====== Supplied information

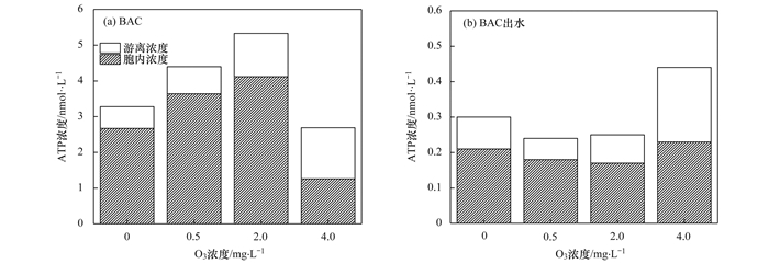 但臭氧濃度為4.0 mg·L-1時, BAC上ATP濃度降低了17.99%, 且有占比56.16%的ATP屬于游離ATP;測定BAC出水中ATP, 在4.0 mg·L-1的臭氧條件下, BAC出水中ATP含量與2.0 mg·L-1相比增加了76.00%.一般游離ATP表示外來因素導致微生物釋放出的胞外ATP[33, 34], 過高的臭氧使BAC上微生物細胞受損甚至失活, 同時微生物在BAC載體上的附著能力減弱, 出水中的ATP濃度升高;同時在BAC出水的EEM表征中發現代表蛋白質(區域Ⅰ)和SMPs類(區域Ⅲ)熒光強度分別增加46.23%和63.72%, 這表明過高臭氧濃度不僅導致微生物活性降低, 同時微生物細胞受損甚至失活釋放出有機物, 導致BAC出水中蛋白質和SMPs物質增加.
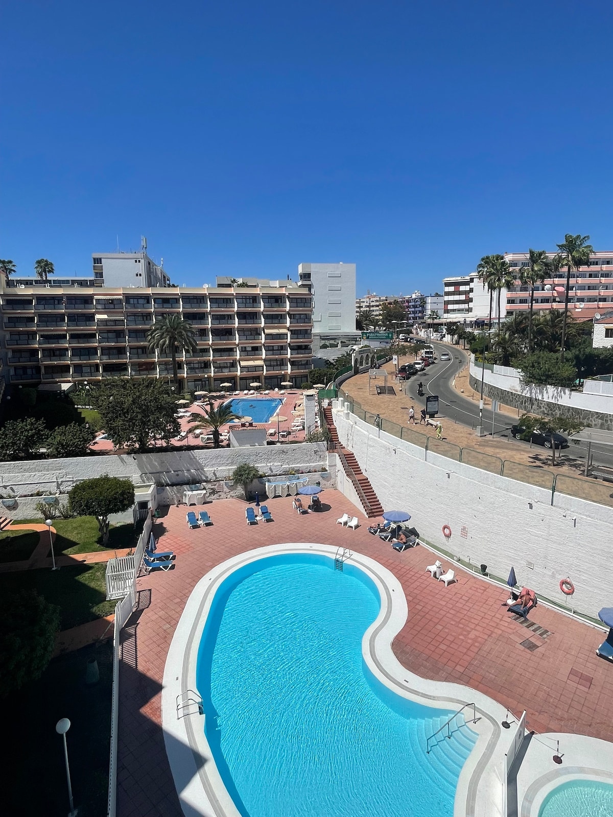 Leiligheten ligger i KOKA Apartments, i sentrum av Playa del Ingles, mindre enn 8 minutter fra CC Yumbo, Kasbah eller stranden. Vår misjon er å tilby deg en DELUXE-opplevelse. Leiligheten ble renovert i november 2023, og er fullt utstyrt: kjøkken, bad, soverom og en privat terrasse med utsikt over bassenget. Leiligheten er delt inn i to rom: Første etasje – soverom, stue og bad Øverste etasje – terrasse og kjøkken
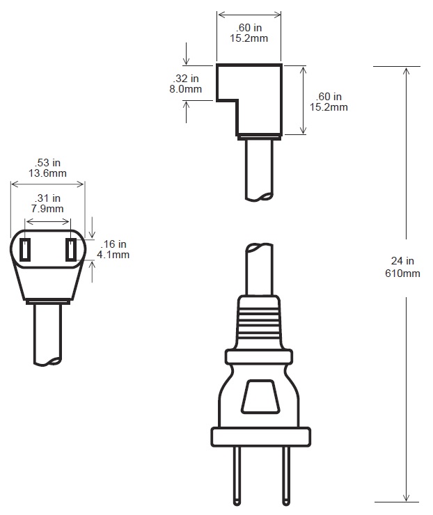 90 DEGREE POWER CORD (with wall plug)
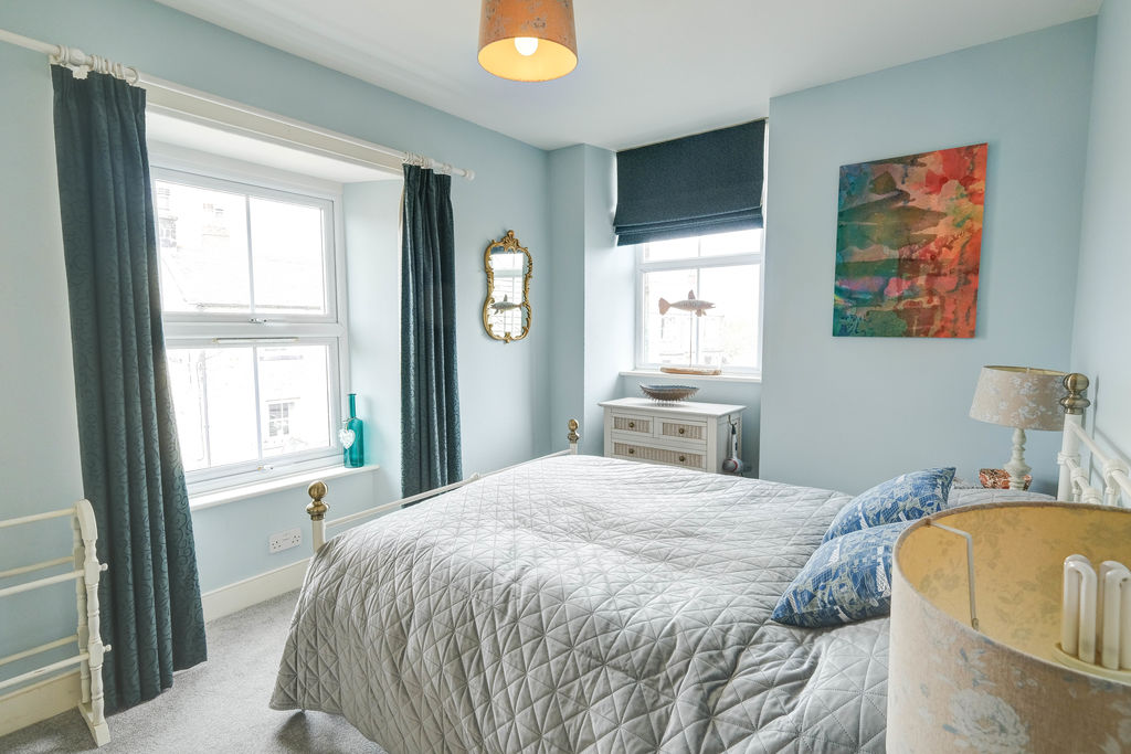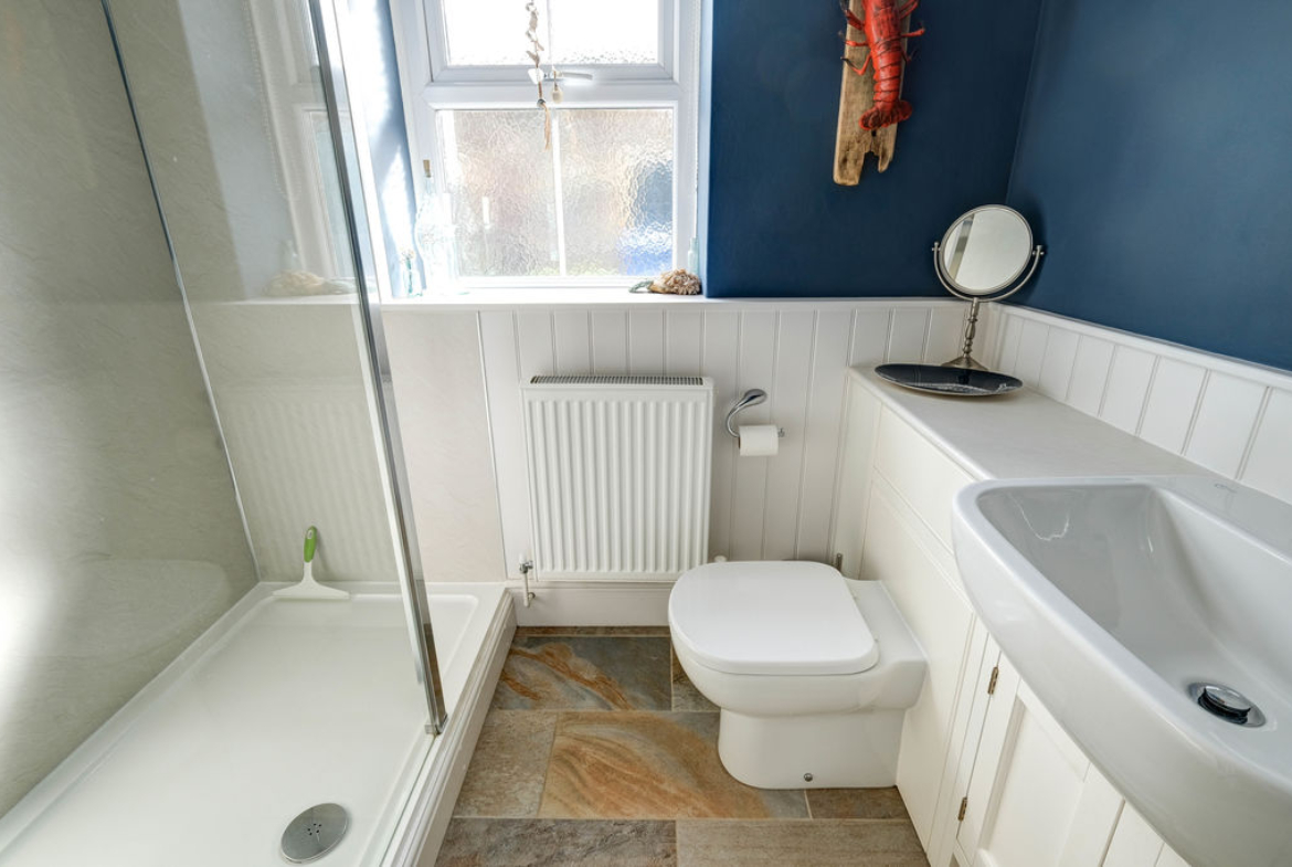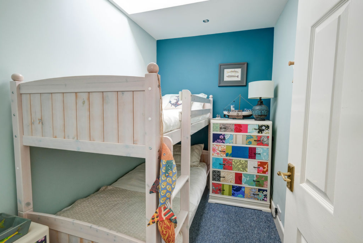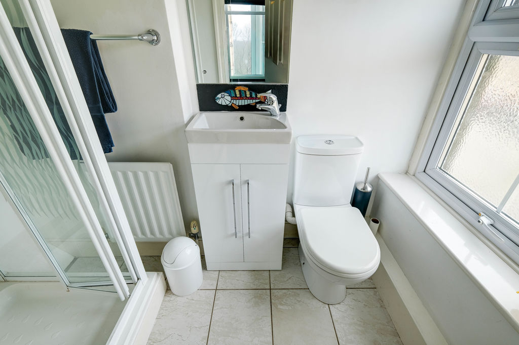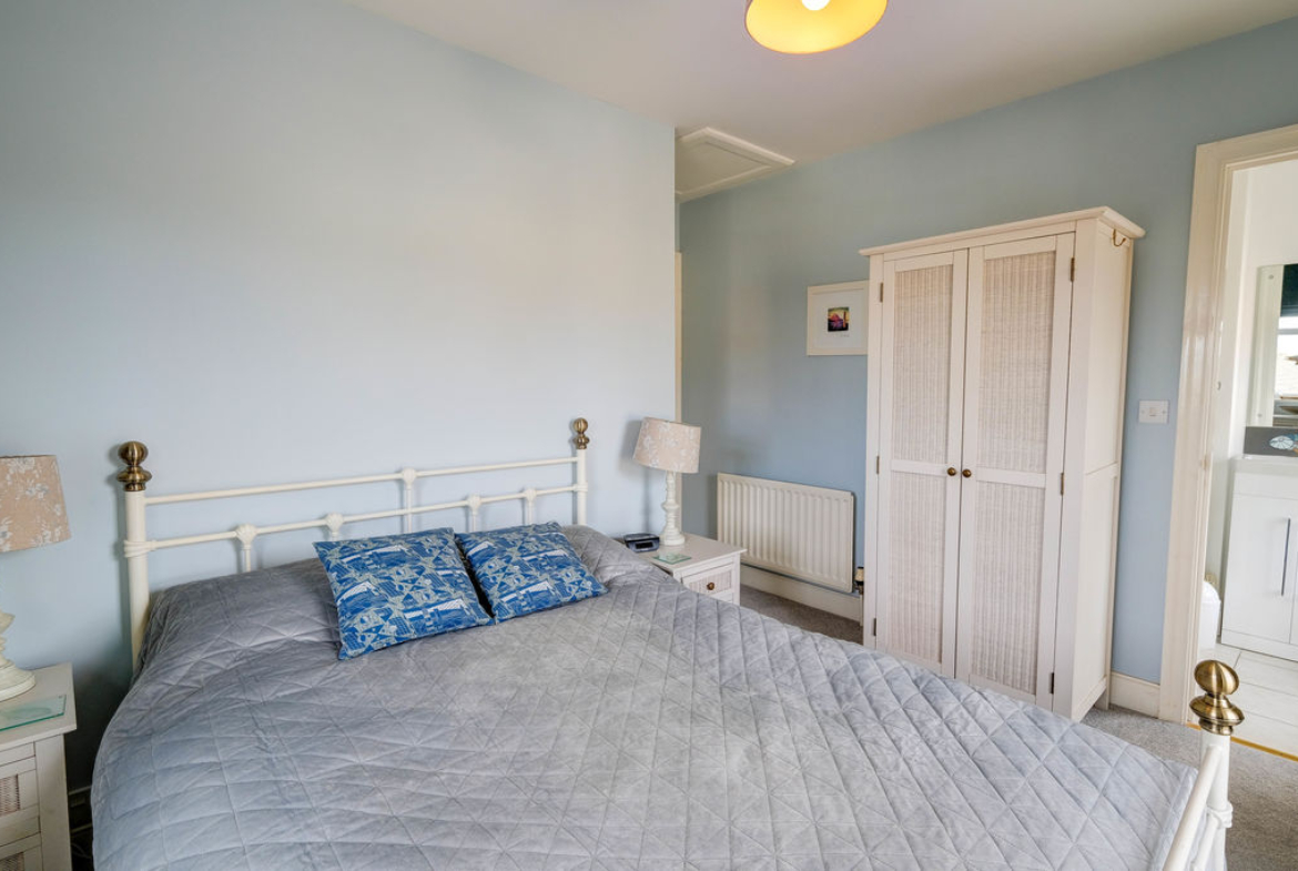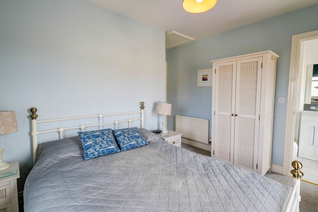 Stairs to the first floor accesses the two bedrooms. The main is a good-sized double with dual aspect windows and boasts a lovely en-suite shower room. The second bedroom is a single however it does have space for drawers/wardrobe.

============

▶ _Exercise_
Print the data word for word and omit the pictures.

▶ _Solved problem_
 但臭氧濃度為4.0 mg·L-1時, BAC上ATP濃度降低了17.99%, 且有占比56.16%的ATP屬于游離ATP;測定BAC出水中ATP, 在4.0 mg·L-1的臭氧條件下, BAC出水中ATP含量與2.0 mg·L-1相比增加了76.00%.一般游離ATP表示外來因素導致微生物釋放出的胞外ATP[33, 34], 過高的臭氧使BAC上微生物細胞受損甚至失活, 同時微生物在BAC載體上的附著能力減弱, 出水中的ATP濃度升高;同時在BAC出水的EEM表征中發現代表蛋白質(區域Ⅰ)和SMPs類(區域Ⅲ)熒光強度分別增加46.23%和63.72%, 這表明過高臭氧濃度不僅導致微生物活性降低, 同時微生物細胞受損甚至失活釋放出有機物, 導致BAC出水中蛋白質和SMPs物質增加.
 Leiligheten ligger i KOKA Apartments, i sentrum av Playa del Ingles, mindre enn 8 minutter fra CC Yumbo, Kasbah eller stranden. Vår misjon er å tilby deg en DELUXE-opplevelse. Leiligheten ble renovert i november 2023, og er fullt utstyrt: kjøkken, bad, soverom og en privat terrasse med utsikt over bassenget. Leiligheten er delt inn i to rom: Første etasje – soverom, stue og bad Øverste etasje – terrasse og kjøkken
 90 DEGREE POWER CORD (with wall plug)
 Stairs to the first floor accesses the two bedrooms. The main is a good-sized double with dual aspect windows and boasts a lovely en-suite shower room. The second bedroom is a single however it does have space for drawers/wardrobe.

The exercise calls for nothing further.